Камилл нагнул голову, избычился, насупился.

— Я честный человек, мать. Потому и доверяют.

Мать не стала с ним спорить.

— Нашли человека из честной семьи. — Она язвительно усмехнулась: — Сиди дальше принимай. И нам, может, пригодится. Нельзя, говорят, яйца в одну корзину класть. Вдруг ваши к власти придут, тогда у нас свой человек там будет. — Камилл поднял голову, заранее возгордился, она же спустила его с небес на землю: — Если ты, конечно, к этому времени о нас помнить будешь. — И объяснила остальным, не ведая сочувствия и жалости: — Приятели у него такие, что отца с матерью забудут и повесят — и все по идейным соображениям. Если по России судить. Да и по нашим: когда якобинцами были да санкюлотами.

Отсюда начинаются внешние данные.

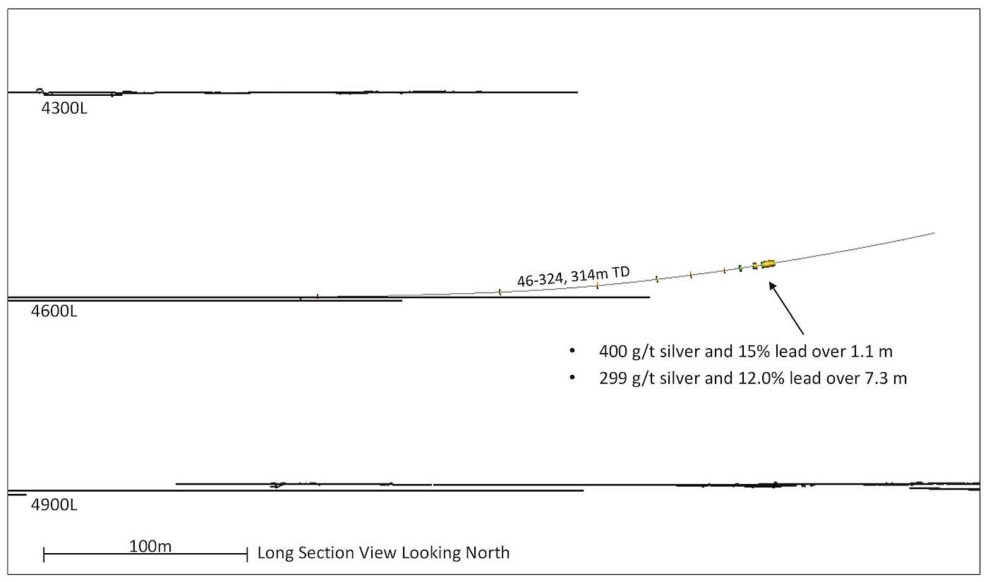 Hole 46-324: 400 g/t silver and 15% lead (942 g/t silver equivalent) over 1.1 m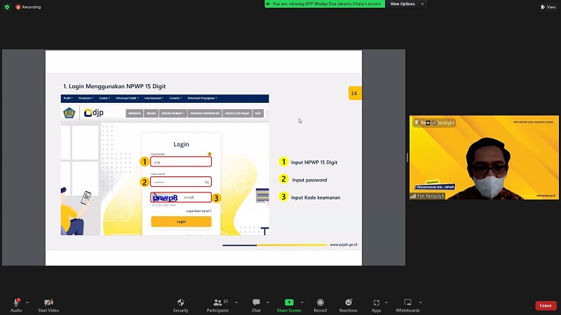 Kantor Pelayanan Pajak (KPP) Madya Dua Jakarta Utara mengadakan sosialisasi SPT Tahunan Orang Pribadi dan Implementasi Nomor Induk Kependudukan (NIK) sebagai Nomor Pokok Wajib Pajak (NPWP) secara daring melalui aplikasi Zoom Meeting di Jakarta (Jumat, 10/2). Sosialisasi dihadiri karyawan Wajib Pajak Badan pemberi kerja dari pukul 10.00 sampai 12.00 WIB.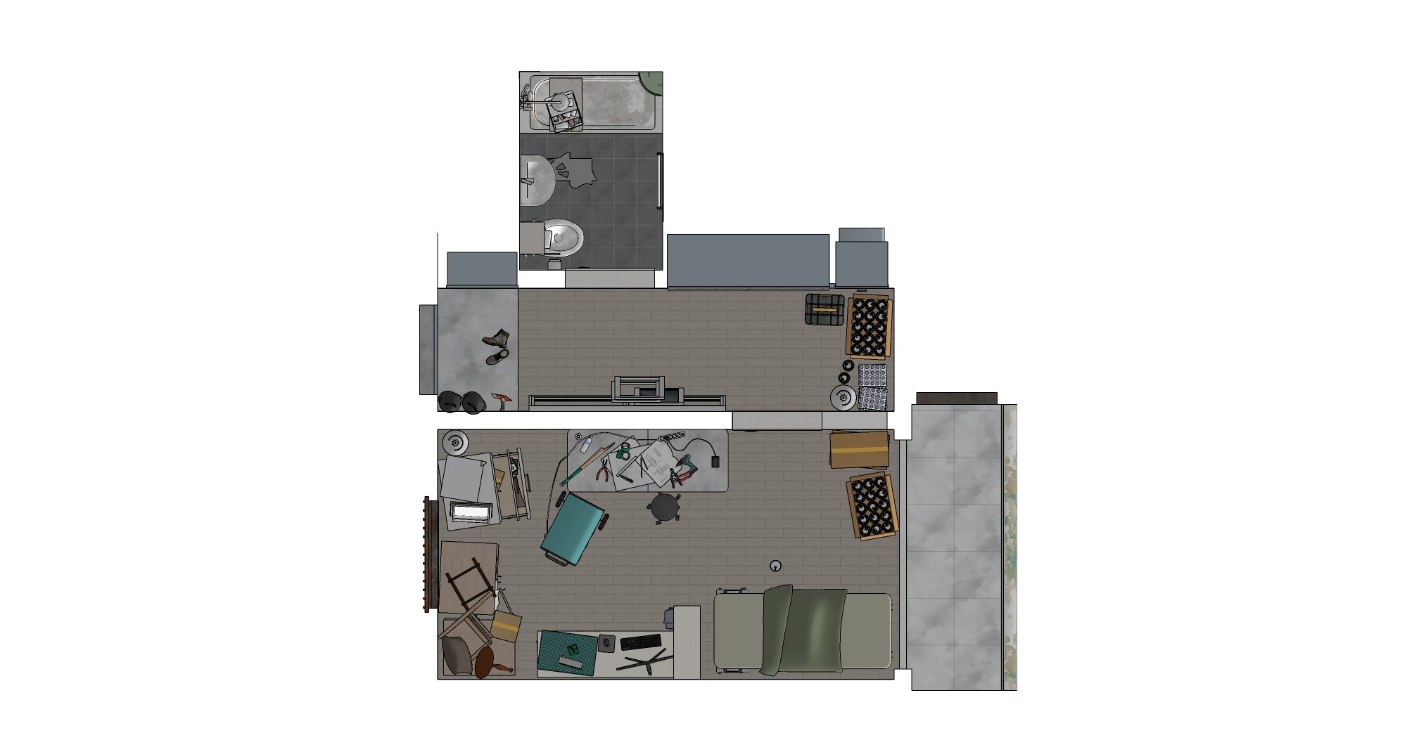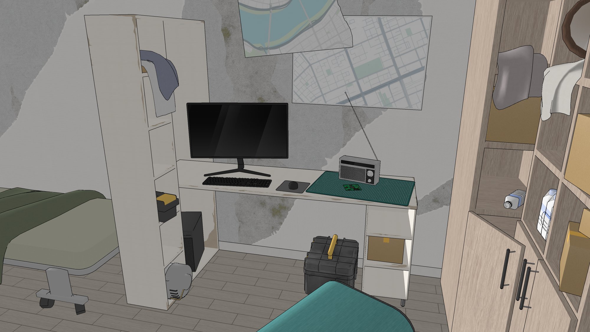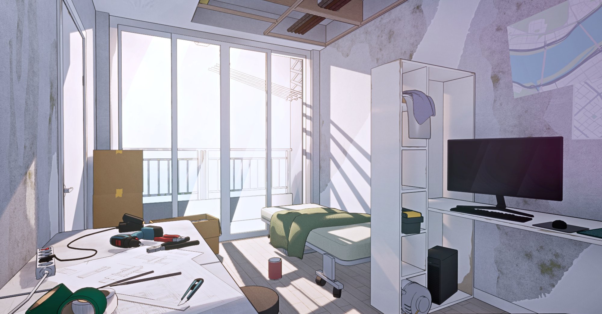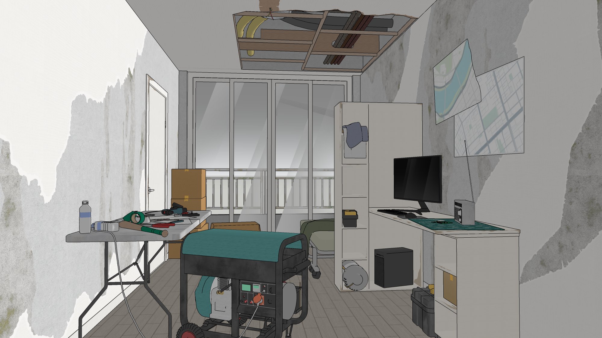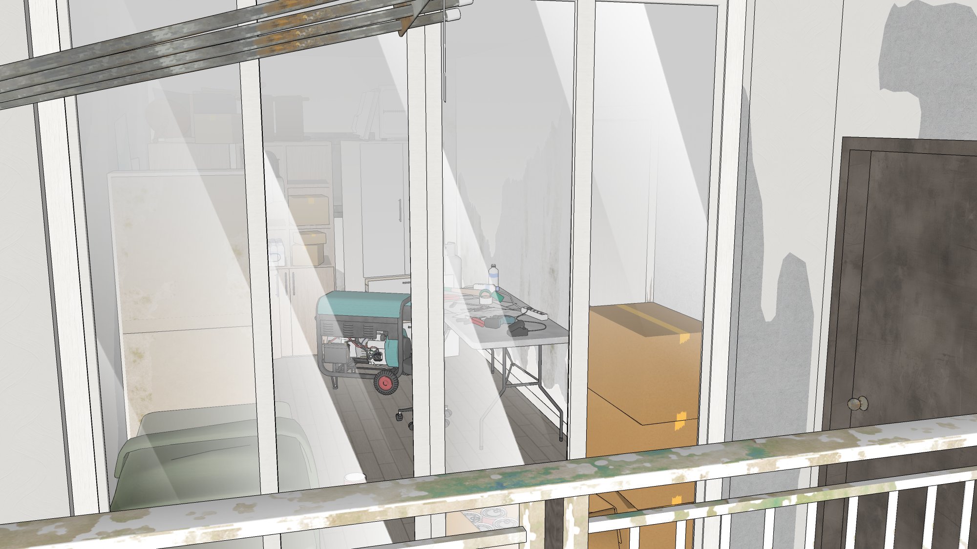 아포칼립스 풍의 베란다 딸린 1.5룸을 상상하며 제작한 배경입니다.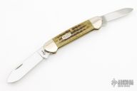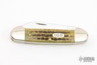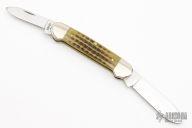 This Canoe 2-Blade Folder by Case Knives has polished stainless steel blades with nail nick(s). The handle has nickel silver bolsters and cap, jigged bone covers, nickel silver liners and stainless springs. Comes with original box and papers. Has a couple light scratches, otherwise excellent condition.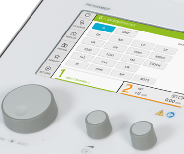 - 3 User guidance and overview: Perfected user guidance through combination of 7" touch screen and PHYSIOMED one-button operation for comprehensive overview of the therapy parameters including all therapy timers; multifunctional intensity controls allowing for fast intensity reduction and quick switching between channels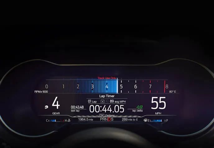 Drivers can choose between three different views for Normal, Sport and Track driving modes and these settings along with drive settings for the steering and optional Magneride may be saved via the new Mustang MyMode memory settings.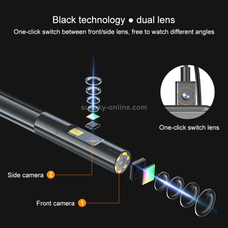2. Front/side lens, one key switch, free to watch different angles.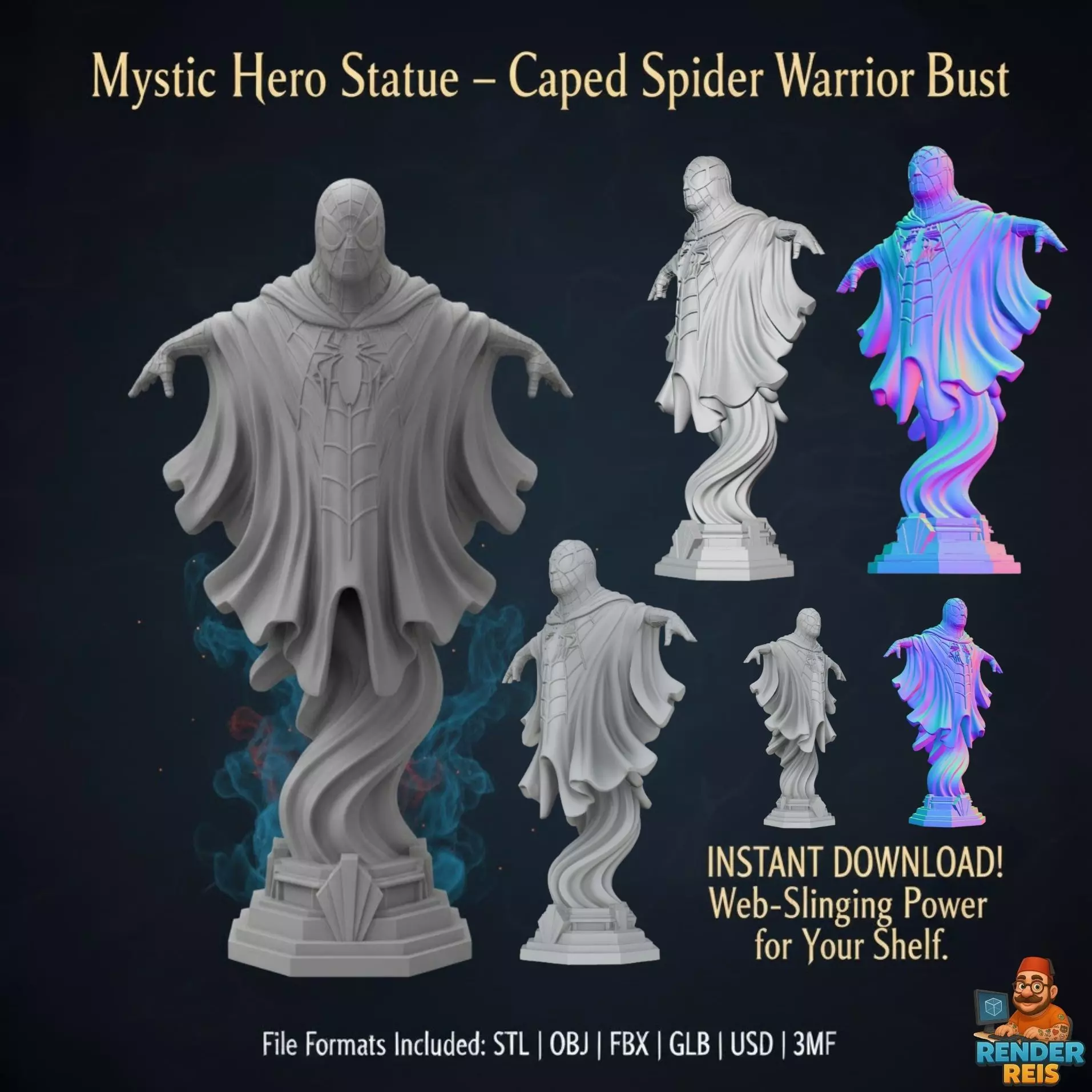 Contact me for custom models and projects.The Mystic Hero Statue reimagines a spider-inspired superhero with a dark and spiritual aesthetic. Flowing cape dynamics and wind-swept motion effects bring the statue to life, while the detailed web pattern across the mask preserves the iconic essence of the character.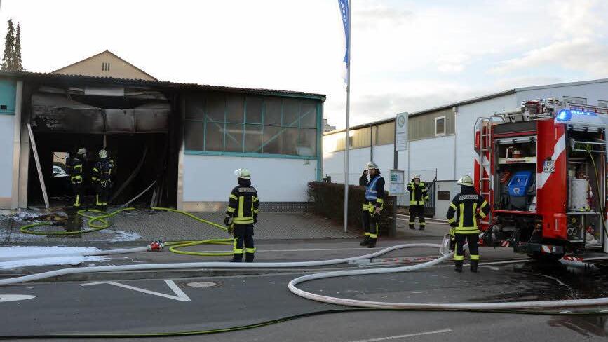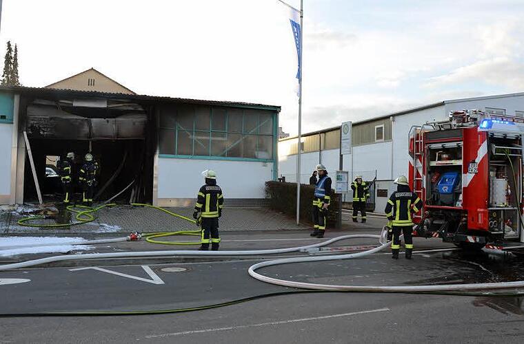 Als die Einsatzkräfte eintrafen, stand die Werkstatt bereits in Vollbrand. Zur Bekämpfung kamen laut Einsatzleiter Friedhelm Weidinger insgesamt fünf mit Atemschutzgeräten ausgerüstete Trupps, die aus je zwei Einsatzkräften bestanden. Während des Einsatzes wurden zwei Gasflaschen geborgen und gekühlt. Etwas länger zogen sich die Nachlöscharbeiten hin, bei denen unter anderem mit Wärmebildkameras nach Glutnestern gesucht wurde. Mit dem Drehleiterfahrzeug wurde die Dachhaut des ausgebrannten Teils der Werkstatt kontrolliert. Gegen 18.30 Uhr war der Einsatz beendet.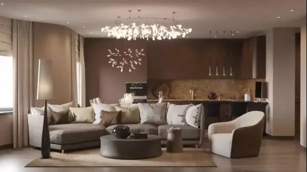 该案例的色彩搭配,以淡雅轻松的暖木棕与粉灰色营造一个自然、轻松的家居环境,建立与自然的连接,享受自然色彩带来的舒适与安心。具有强大的包容性及延展性,同时又体现了自由与深沉的一个空间平衡。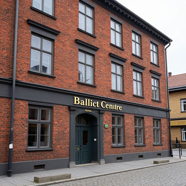 Photograph of a three-story red brick building with black window frames and trim. The ground floor features a black door with an arched top, above which the building's name, "Ballet Centre," is displayed in white, uppercase letters. The building has symmetrical windows on each floor, with the ground floor windows slightly recessed. A cobblestone sidewalk leads up to the door, with a small, square concrete block at the edge. The background includes a yellow building with a red-tiled roof partially visible on the right. The sky is overcast, casting a soft light on the scene.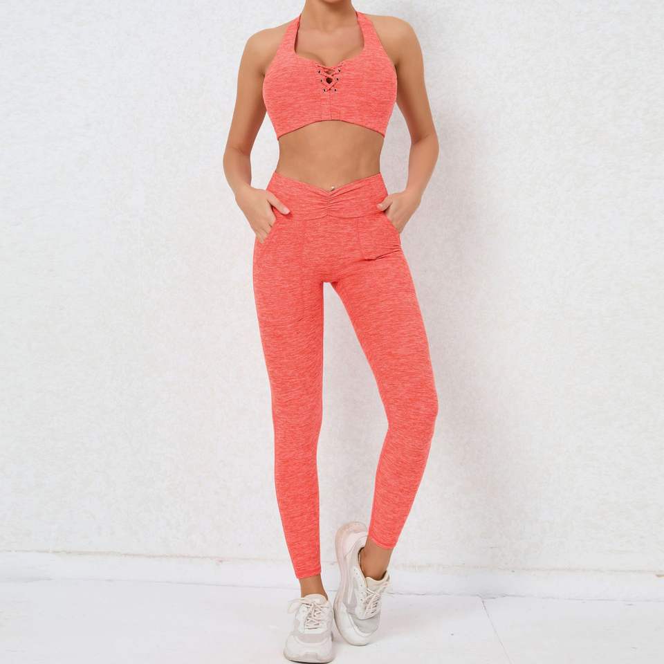 New fashion bra and legging with pocket Women Tight Yoga Sets Quick Dry Running Sports Set Fitness Bra Leggings Set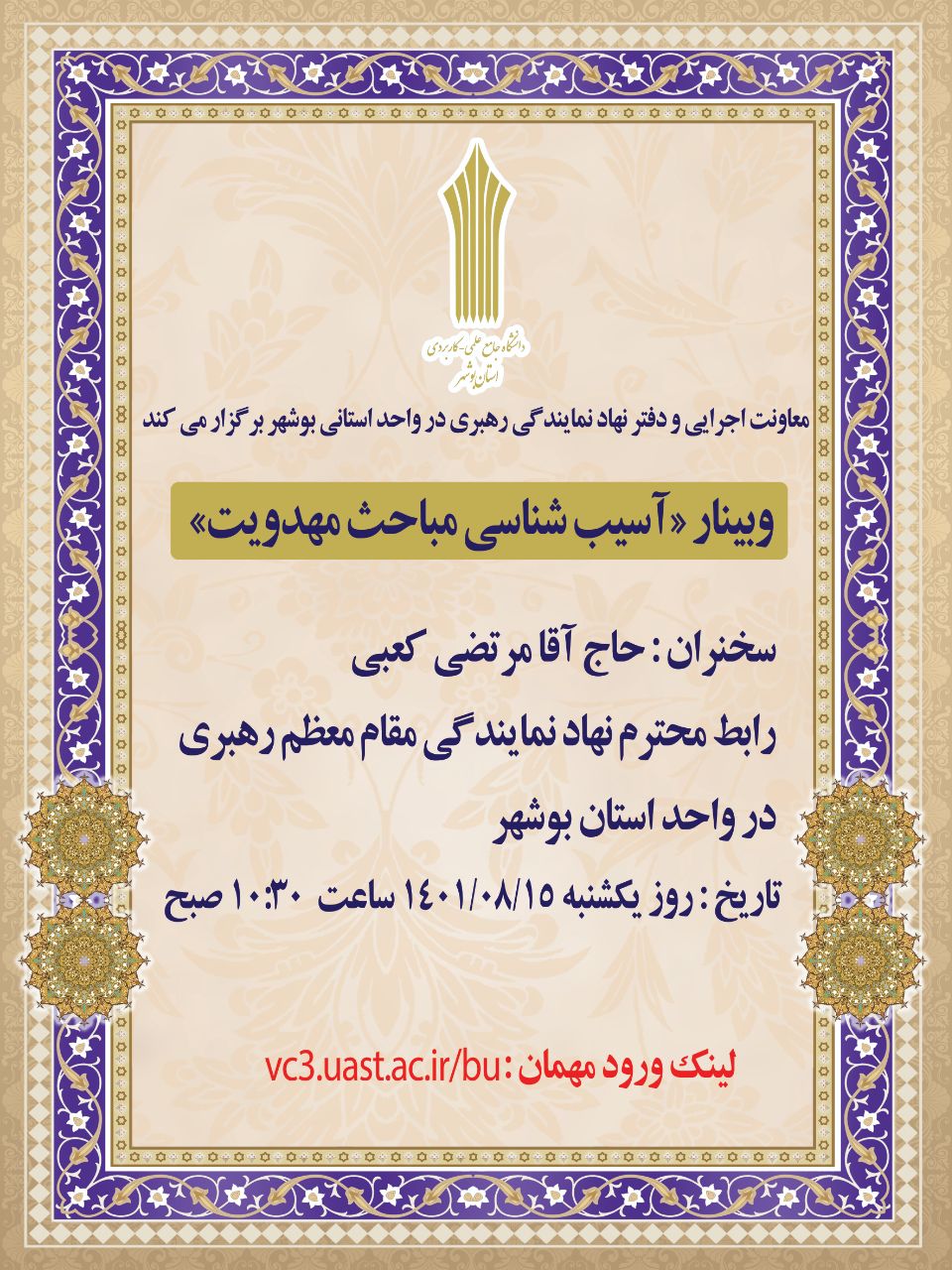 دانشگاه جامع علمی کاربردی استان بوشهر وبینار " آسیب شناسی مباحث مهدویت " را برگزار می کند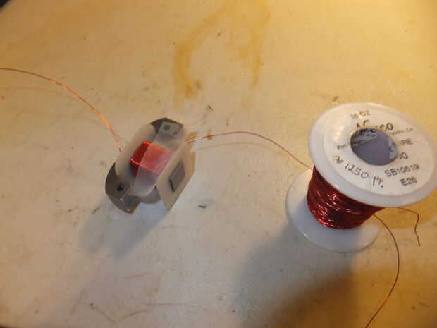 Escoger cualquier dirección (CW o CCW, no importa) y 28 bobina calibre alambre magneto desde el lado del electroimán que se adjunta al final del brazo. Mi core tuvo un C en un lado que hizo conveniente para zip escribiendo al final del brazo.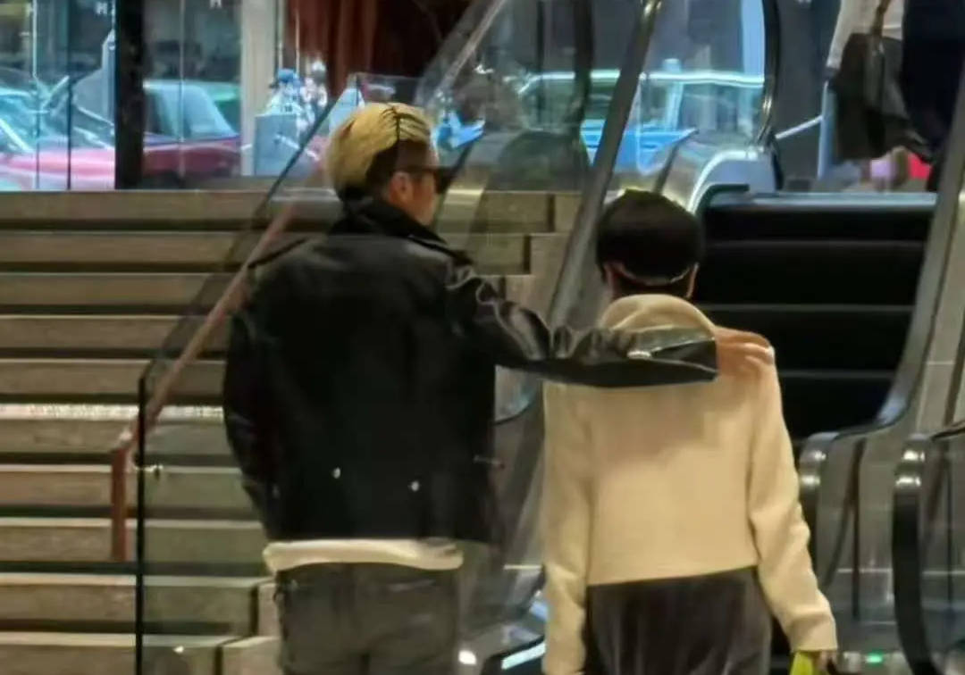谢霆锋轻搭母亲肩膀,商场内并肩而行。

— Будет тебе, — остановил Андре мать, которая слишком далеко зашла в своих нареканиях: он был удачливым предпринимателем и позволял себе возражать главе семейства. — Ничего подобного у нас не будет.

Та не стала спорить:

— Не будет — и хорошо. Проведи ее к себе, Робер — покажи комнату. Ты-то сам остаешься?

— Нет, наверно. Уеду.

— К какой-нибудь крале новой? Подруге сказал, что сюда поехал, а сам на сторону?.. Это твое дело — делай что хочешь, — прибавила она, видя, что он собирается уверять ее в обратном. — Тут я тоже с пальцев сбилась, счет твоим Полинам да Люсеттам потеряла, — и снова повернулась к Рене, которая стояла неловко среди гостиной — ей было не по себе в новом окружении. — Приедешь летом?

— Приеду.

— Вот и хорошо. Будешь жить на всем готовом. В комнате этой — которую твой отец потерять боится… Все, гляжу, революционеры — пока чужое делить. А как до своего доходит, куда все девается?.. Какая-то ты все-таки шероховатая.

— Не привыкла, — подсказал Андре, но бабка сама это знала и не это имела в виду.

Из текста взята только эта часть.